Investment Objectives

Risk Tolerance

Income Needs

Liquidity Requirements

Investment Experience

Time Horizon

Tax Considerations

Asset Allocation Targets

Return Expectations

Aspen Investment Management Development & Planning

Client background:

The first step we take towards establishing your unique investment management strategy is getting to know you thoroughly. Knowing your background, where you come from, what your goals are, and what you value are the most important components in developing a financial plan and investment portfolio that is tailored to you specifically.


Investment Objectives:

Once we have developed a more comprehensive understanding of our client and their goals, then we can develop investment objectives. The investment objectives will usually depend on what walk of life our client is currently in. A younger client who is still in the accumulation phase of their lives may be more compelled to position their portfolio in a growth strategy, and a client who is
now in the distribution phase of their life may be inclined to position their portfolio in a manner that prioritizes income and capital preservation.


Risk Tolerance:

The client’s risk tolerance will ultimately drive the investment decisions. Some clients tend to be risk seeking, while others tend to be risk averse. A client who is risk seeking and understands the inherent market risk that investing in the stock market presents may be interested in having their investment portfolio positioned heavily into equities. A client who is risk averse, and is not as
comfortable with the fluctuations in the stock market, may be interested in having their portfolio include fixed income securities, along with other asset classes for further diversification. Understanding a clients risk tolerance is one of the most important factors we consider when developing an investment portfolio, as we want to make sure that the client is comfortable with how they are invested.


Income Needs:

Some investors, generally those in the distribution/retirement phase of their financial journey, need consistent income generated from their investments to help fund their everyday lifestyle. If a client has income needs, we can structure the portfolio so that those needs are met or supplemented. This is generally achieved through investing in fixed income securities that pay interest
over the life of the bond and by investing in equities that pay dividends during the year.


Liquidity Requirements:

Liquidity means how quickly an investment can be turned into cash. At Aspen, we only invest in liquid securities that are traded on the bond and stock markets. We don’t invest in any privately held securities that require you to “lock-up” your money over a certain period of time. Everything we own can be bought or sold as long as the stock or bond market is open, and the proceeds
will generally be available within 1-2 business days. We especially focus on liquidity with clients who have consistent income needs.


Investment Experience:

Some clients have been investing their money on their own for their whole lives, while others have just passively invested in their employer’s retirement plans.

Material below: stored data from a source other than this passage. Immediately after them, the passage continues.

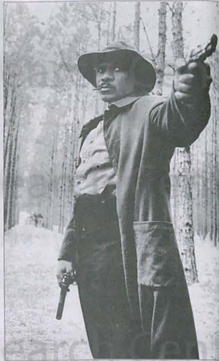
Ving Rhames stars in "Rosewood," Warner Bros.' searing drama based on an actual story.
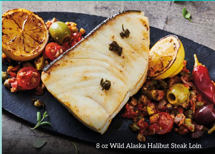
8 oz Wild Alaska Halibut Steak Loin

Wild Alaska Halibut, longline-caught in the icy waters of Alaska, is portioned controlled and vacuum-packed at peak freshness. Its delicate flavor and firm texture make it an enduring favorite of seafood enthusiasts. From pan-seared fillets, to grilled steak loins, Trident Seafood Wild Alaska Halibut is a center-of-the-plate star.
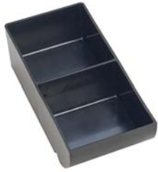
Coin Expansion Cup P/N 226 199USCUP204
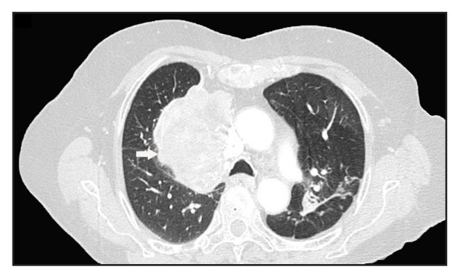
Figure 1. Computerized tomography of the chest with contrast. Mass in the right upper lobe of the lung measuring 8 by 6.4 cm, projected towards the hilum of the lung and mediastinum.

Lung cancer is the most common cause of cancer death and contributes significantly to the burden of disease (1). It is associated with bone metastases in 36% of cases, and cranial metastases in
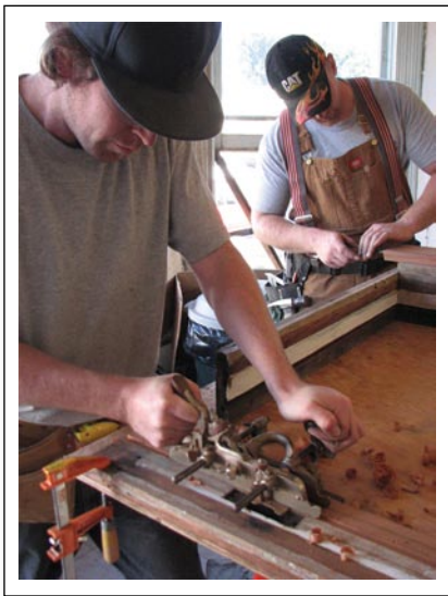
College of the Redwoods, Eureka, CA

From the discussions in Detroit and Tulsa, it was clear that there were three stages in a successful implementation: Making the Case, Implementing the Program, and Sustaining the Program during Change. Outlined below are the 21 steps typically required to move through these stages. The best practices and lessons learned are illustrated by real-life examples from the practitioners themselves and presented in their own words.
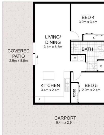
Self contained unit
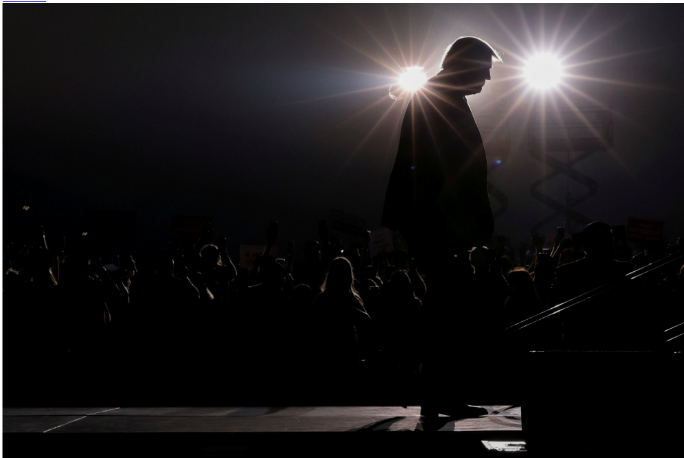
President Donald Trump is seen at a campaign rally in Reno, Nevada, Sept. 12.
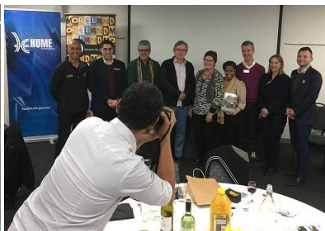
Guest speakers and Councillors May Dinner & Forum
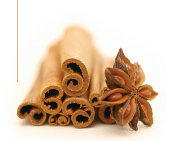
SPICE IT UP Whether you love your Pad Thai extra spicy, or prefer to walk on the mild side, the Power-Wok™ burner is a must. With even heat distribution and no hot spots, you'll get perfect results every time.
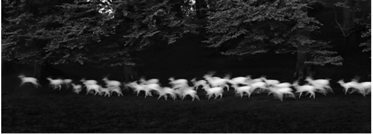
PAUL CAPONIGRO, Running White Deer, Wicklow, Ireland, 1967 , 9 x 23.75", gelatin silver print
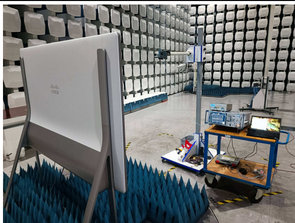
Radiated Emissions above 18 GHz

Some have experienced multiple market cycles while others are new to the markets. No matter what end of the spectrum you are on, we make sure to explain every step of our process, and our goal is to set up an investment
portfolio and financial plan that helps you sleep at night and takes the burden of worrying about your investments off your shoulders. Our team has decades of investment experience including managing billions in institutional assets. Our main priority is to set up an investment portfolio that is suited for your specific needs so that you can spend your valuable time focusing on your career, your family, or whatever else you prioritize.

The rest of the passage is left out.